HUMBLE BEGINNINGS: At 11, Thirlby played an oyster in her middle school’s performance of Alice in Wonderland, but soon realized the girl who played Alice didn’t like her. “She used to glare at me because I knew her lines accidentally from memorizing them during rehearsals,” Thirlby says. “Apparently I was mouthing her lines while she was saying them. I didn’t mean to, but I was just so excited to be in the presence of the lead actress on stage.”

As a senior in college, Thirlby scored the lead opposite David Duchovny in the indie film The Secret. “I always knew I wanted to perform,” she says. “I was a typical drama nerd with the hopes of acting on Broadway someday. But as I got older, I realized if you had a name established in film, it would be easy for you to come back to Broadway because they want stars.”

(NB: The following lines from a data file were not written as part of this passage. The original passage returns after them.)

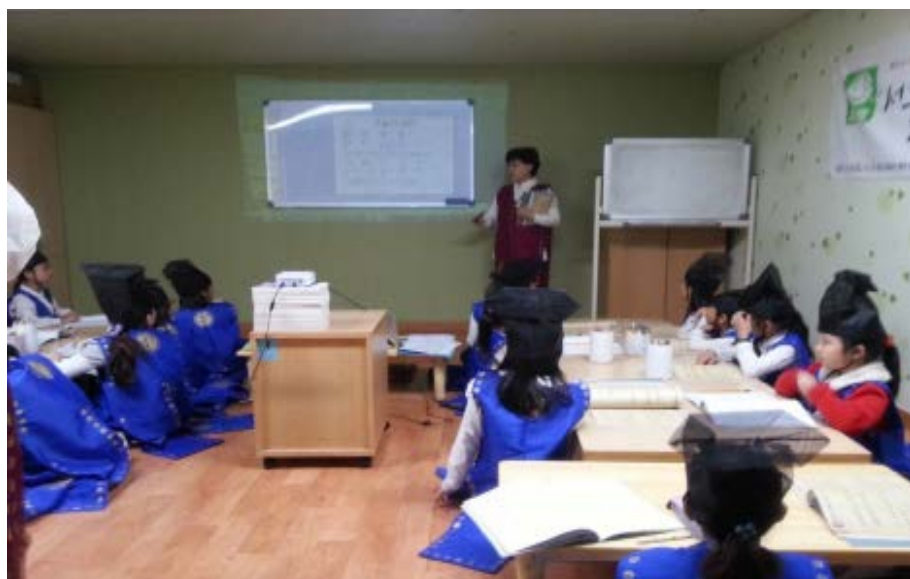
Figure 2. Elementary School Children Studying the Great Learning in the Kangnam Public Library, Seoul, 2015.
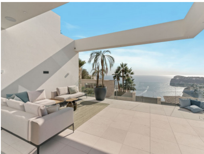
Terrace with sea view
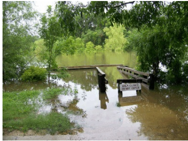
Hale Lake Fishing Pier
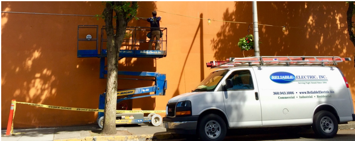
Downtown Safety Program – Completed the Crime Prevention through Economic Development Projects

Following are a couple of highlights from the Program Year 2019 Action Plan :
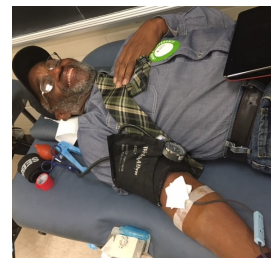
SCANJ Board President is productive at the blood drive
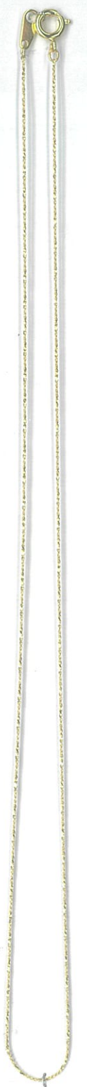
120SE D/C TW
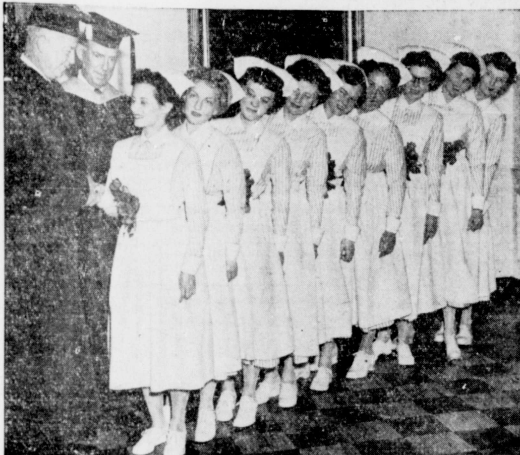
IKE GREETS FORMER BUDDIES—At the 55th graduation of the Presbyterian Hospital School of Nursing, in New York, Gen. Dwight D. Eisenhower, left, greets nine graduates who had served in the Armed Forces and later studied under the GI Bill of Rights.
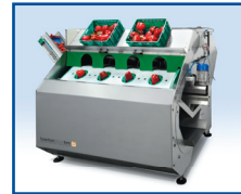
Bell Pepper Corer In-Feed
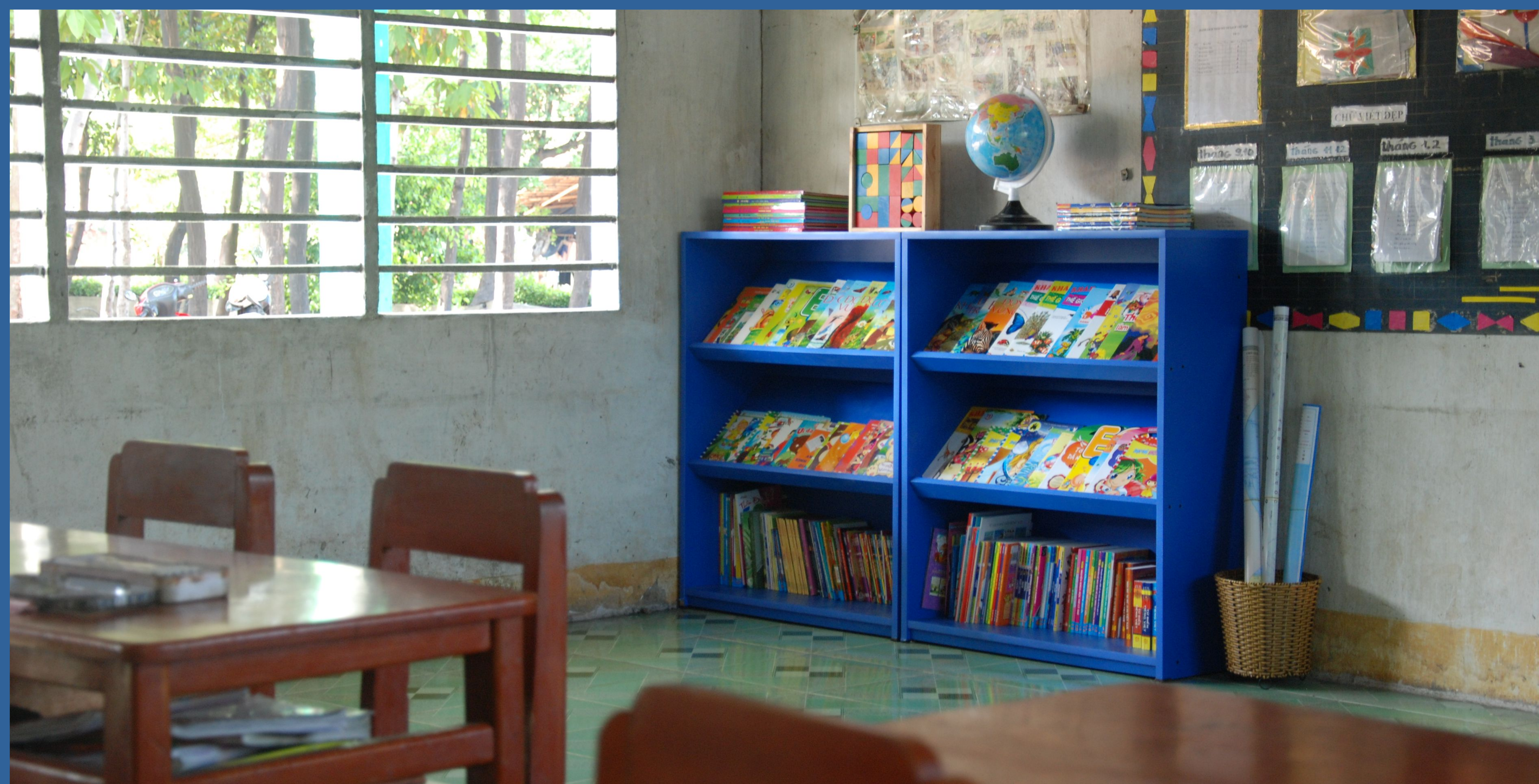
Reading Corners for small schools
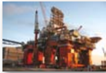
Petrochem (Offshore & Onshore)

Fire hazards... corrosive environments... temperature extremes... for many applications, plastic cable ties and identification tags are simply inadequate – or even dangerous.
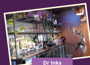
Dr Inks Cocktail Bar
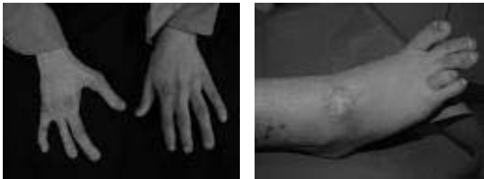
Figure 5. Abnormality of fingers.
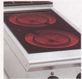
Detail with lighted heating elements
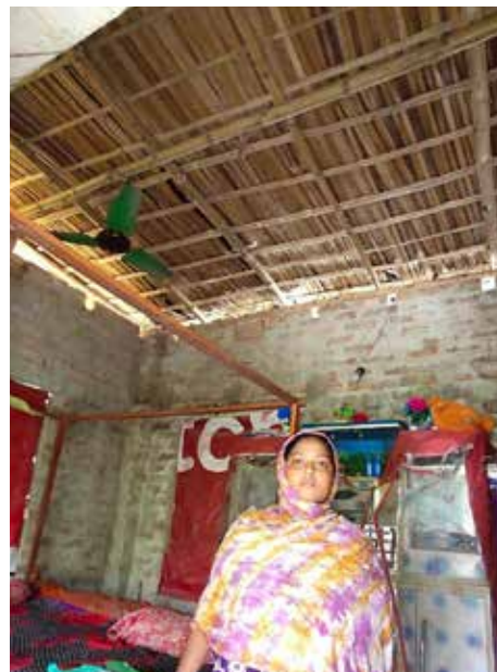
A Bihar cyclone victim now has shelter. She stands in her home with a new roof sponsored by you.
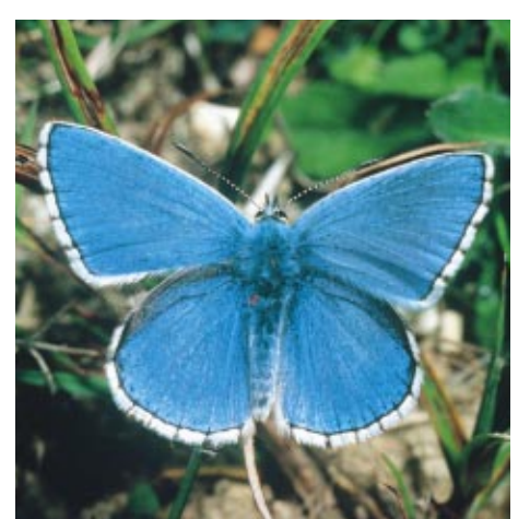
Adonis blue butterfly. 20,623

Species depend upon one another for survival. The very existence of humans on Earth is supported by this 'web of life'. For example, plants need insects for pollination; plants and algae provide the oxygen animals need; and animals eat

Thirlby is a self-professed “Shakespeare nut.” “I think he’s the best writer of all time,” she says. “I saw the language and was floored. I needed to stand up and speak the words.” She studied at the American Globe Theatre in New York and the Royal Academy of Dramatic Art in London.

ACTING BUG: In first grade, Thirlby wrote a letter to the head of the school, suggesting the lower school also perform a play rather than “making students wait to reach middle school.”

FASHION PHILOSOPHY: “It all starts with a plaid shirt and can go any direction from there. I like to feel comfortable and wear pieces nobody else will wear.”

HORSE PLAY: Growing up in New York City, Thirlby rode competitively. “I want to be a cowgirl so badly,” she said. “I’m so meant to be a spur-wearing gunslinger chick.”